Experts contacted by "GMA" -- including Manning -- say they believe banks may now be using data collected by customers to compare them to other shoppers at individual retail locations or by zip code, weeding out customers in neighborhoods hardest hit by the economic downturn.
In Johnson's case, American Express refused to say which stores he'd visited might have caused the company concern. Johnson says that's especially baffling since his card purchases were at major retailers like Ruby Tuesdays, XM Satellite Radio and Amazon.com.
He says the only shopping trip he can determine was out of the ordinary was a September visit to a Wal-Mart in Southeast Atlanta.

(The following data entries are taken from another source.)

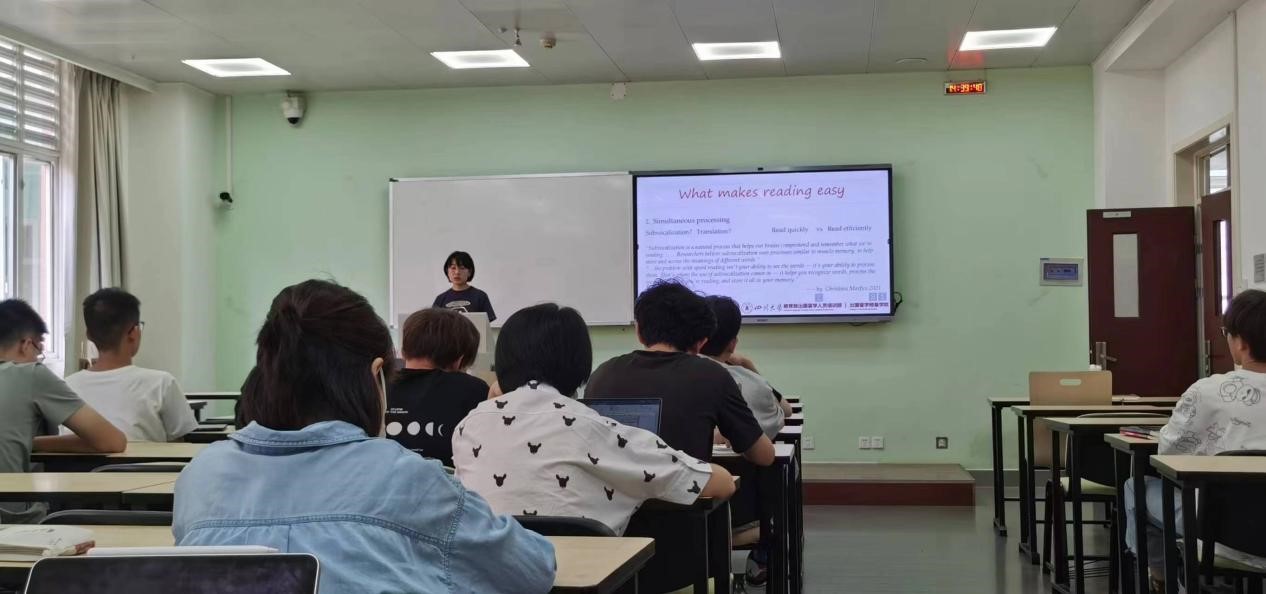 宣讲上半场,出国留学预备学院的老师深入浅出地向同学们介绍了英语阅读训练的技巧。以同学们在进行英语阅读时常出现的问题作为切入点,详细而生动地分享了一些提升英语阅读效率的方法: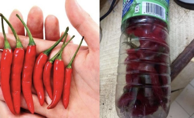 3. Masukkan cabe ke dalam botol bekas air mineral, tanpa membuang batangnya.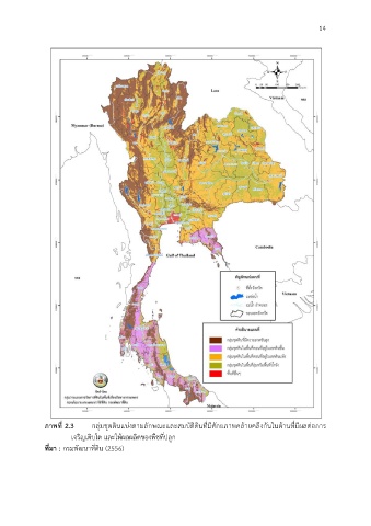 14 ภาพที่ 2.3 กลุมชุดดินแบงตามลักษณะและสมบัติดินที่มีศักยภาพคลายคลึงกันในดานที่มีผลตอการ เจริญเติบโต และใหผลผลิตของพืชที่ปลูก ที่มา : กรมพัฒนาที่ดิน (2556)

It was the first time he had used his American Express card at that store.
"The majority of the retailers I went to are not in my neighborhood. Coincidentally, though, the one time I went to the Wal-mart in the area that I live, the next month I get a letter saying my credit limit is reduced," Johnson said.

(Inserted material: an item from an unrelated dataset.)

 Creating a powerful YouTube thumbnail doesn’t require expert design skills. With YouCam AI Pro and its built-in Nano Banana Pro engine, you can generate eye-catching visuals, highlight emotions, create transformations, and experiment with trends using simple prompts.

For more than a month after he received the letter, Johnson says he tried to contact American Express to get his credit limit restored. He says he pointed out to customer service representatives that in addition to his personal account with American Express, he also has business accounts with the company, all of which he says are in good standing.
Johnson says at one point he was even transferred to an assistant in the executive office of the vice president who signed the letter announcing his credit limit reduction.

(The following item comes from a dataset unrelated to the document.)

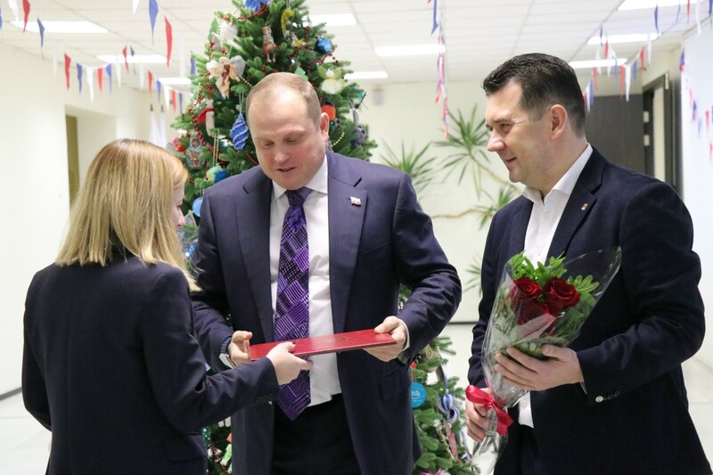Помощник сенатора РФ Дмитрия Василенко - депутат Законодательного собрания Ленинградской области Михаил Коломыцев от себя и своего коллеги Андрея Гардашникова поздравил отличившихся работников Кировского района, вручил им Благодарности и Почетные дипломы Законодательного собрания Ленинградской области .

"She said we don't find anything out of the ordinary here, other than the fact that we're feeling the heat and the pressure from the economy. But, other than that, we think that your gripes are justified," Johnson said he was told.
"GMA" asked American Express to discuss Johnson's case and the practice of behavioral analysis in an on-camera interview. The company refused the request and instead issued the following written statement:
"Our intent is to strike the right balance between accommodating our card members' spending needs and, at the same time, prudently managing credit risk," the statement reads. "While we may use additional data points, the driving factor for any credit limit reduction is the customer's debt level."
Both Johnson and Manning question that statement, especially in light of the recent government bank bailout. In January 2009, American Express became a bank holding company and received more than $3 billion in taxpayer money as part of the Troubled Assets Relief Program.
"I think the fact that American Express has taken bailout money is one of the most appalling parts of this story," Johnson said. "Here you have a company that's obviously in dire straits, but, in trying to turn the company around, they actually throw some of their best customers under the bus."
In an interview broadcast on "GMA," Cuomo asked House Speaker Nancy Pelosi about Johnson's concerns.
"American Express took money from TARP," Cuomo asked. "Are you going to enforce how banks get to use this money? Credit card companies could be the next wave."
"They could be the next wave," Pelosi said. "The curtain has been pulled back on how the financial services community has mis-served the American people."